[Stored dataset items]
━━━
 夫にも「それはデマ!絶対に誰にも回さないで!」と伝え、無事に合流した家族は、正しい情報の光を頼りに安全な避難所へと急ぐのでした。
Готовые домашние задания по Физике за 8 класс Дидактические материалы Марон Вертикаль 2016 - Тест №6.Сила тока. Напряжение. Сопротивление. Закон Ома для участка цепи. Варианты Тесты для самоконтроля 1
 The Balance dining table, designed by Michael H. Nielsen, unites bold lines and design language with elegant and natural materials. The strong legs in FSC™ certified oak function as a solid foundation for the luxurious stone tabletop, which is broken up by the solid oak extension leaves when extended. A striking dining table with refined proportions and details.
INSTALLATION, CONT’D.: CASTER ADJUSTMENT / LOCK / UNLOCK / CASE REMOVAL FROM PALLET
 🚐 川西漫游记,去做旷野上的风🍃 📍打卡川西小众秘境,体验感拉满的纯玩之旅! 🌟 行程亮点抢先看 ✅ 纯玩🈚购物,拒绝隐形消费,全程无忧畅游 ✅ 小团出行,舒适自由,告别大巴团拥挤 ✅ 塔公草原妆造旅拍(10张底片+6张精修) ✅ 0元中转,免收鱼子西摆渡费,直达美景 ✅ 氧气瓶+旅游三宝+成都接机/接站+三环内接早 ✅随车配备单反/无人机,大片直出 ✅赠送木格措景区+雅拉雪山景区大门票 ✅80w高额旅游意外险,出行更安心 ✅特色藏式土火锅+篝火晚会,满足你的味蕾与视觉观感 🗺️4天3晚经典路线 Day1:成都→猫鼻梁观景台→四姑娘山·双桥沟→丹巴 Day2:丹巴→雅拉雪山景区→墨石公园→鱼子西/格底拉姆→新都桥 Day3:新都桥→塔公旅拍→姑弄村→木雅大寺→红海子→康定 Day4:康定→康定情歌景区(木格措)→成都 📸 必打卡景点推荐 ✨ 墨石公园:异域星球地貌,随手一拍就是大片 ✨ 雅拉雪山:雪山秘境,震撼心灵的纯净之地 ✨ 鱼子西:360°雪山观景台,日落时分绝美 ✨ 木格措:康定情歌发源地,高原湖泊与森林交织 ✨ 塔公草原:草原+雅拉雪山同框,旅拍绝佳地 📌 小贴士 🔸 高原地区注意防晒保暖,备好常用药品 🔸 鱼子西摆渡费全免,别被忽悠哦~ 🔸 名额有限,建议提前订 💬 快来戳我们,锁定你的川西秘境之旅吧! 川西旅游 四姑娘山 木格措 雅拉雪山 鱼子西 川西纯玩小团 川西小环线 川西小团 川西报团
━━━
→ ASSIGNMENT
Could you write out all the records exactly, please?

→ OUTPUT FOR THIS TASK
 夫にも「それはデマ!絶対に誰にも回さないで!」と伝え、無事に合流した家族は、正しい情報の光を頼りに安全な避難所へと急ぐのでした。
Готовые домашние задания по Физике за 8 класс Дидактические материалы Марон Вертикаль 2016 - Тест №6.Сила тока. Напряжение. Сопротивление. Закон Ома для участка цепи. Варианты Тесты для самоконтроля 1
 The Balance dining table, designed by Michael H. Nielsen, unites bold lines and design language with elegant and natural materials. The strong legs in FSC™ certified oak function as a solid foundation for the luxurious stone tabletop, which is broken up by the solid oak extension leaves when extended. A striking dining table with refined proportions and details.
INSTALLATION, CONT’D.: CASTER ADJUSTMENT / LOCK / UNLOCK / CASE REMOVAL FROM PALLET
 🚐 川西漫游记,去做旷野上的风🍃 📍打卡川西小众秘境,体验感拉满的纯玩之旅! 🌟 行程亮点抢先看 ✅ 纯玩🈚购物,拒绝隐形消费,全程无忧畅游 ✅ 小团出行,舒适自由,告别大巴团拥挤 ✅ 塔公草原妆造旅拍(10张底片+6张精修) ✅ 0元中转,免收鱼子西摆渡费,直达美景 ✅ 氧气瓶+旅游三宝+成都接机/接站+三环内接早 ✅随车配备单反/无人机,大片直出 ✅赠送木格措景区+雅拉雪山景区大门票 ✅80w高额旅游意外险,出行更安心 ✅特色藏式土火锅+篝火晚会,满足你的味蕾与视觉观感 🗺️4天3晚经典路线 Day1:成都→猫鼻梁观景台→四姑娘山·双桥沟→丹巴 Day2:丹巴→雅拉雪山景区→墨石公园→鱼子西/格底拉姆→新都桥 Day3:新都桥→塔公旅拍→姑弄村→木雅大寺→红海子→康定 Day4:康定→康定情歌景区(木格措)→成都 📸 必打卡景点推荐 ✨ 墨石公园:异域星球地貌,随手一拍就是大片 ✨ 雅拉雪山:雪山秘境,震撼心灵的纯净之地 ✨ 鱼子西:360°雪山观景台,日落时分绝美 ✨ 木格措:康定情歌发源地,高原湖泊与森林交织 ✨ 塔公草原:草原+雅拉雪山同框,旅拍绝佳地 📌 小贴士 🔸 高原地区注意防晒保暖,备好常用药品 🔸 鱼子西摆渡费全免,别被忽悠哦~ 🔸 名额有限,建议提前订 💬 快来戳我们,锁定你的川西秘境之旅吧! 川西旅游 四姑娘山 木格措 雅拉雪山 鱼子西 川西纯玩小团 川西小环线 川西小团 川西报团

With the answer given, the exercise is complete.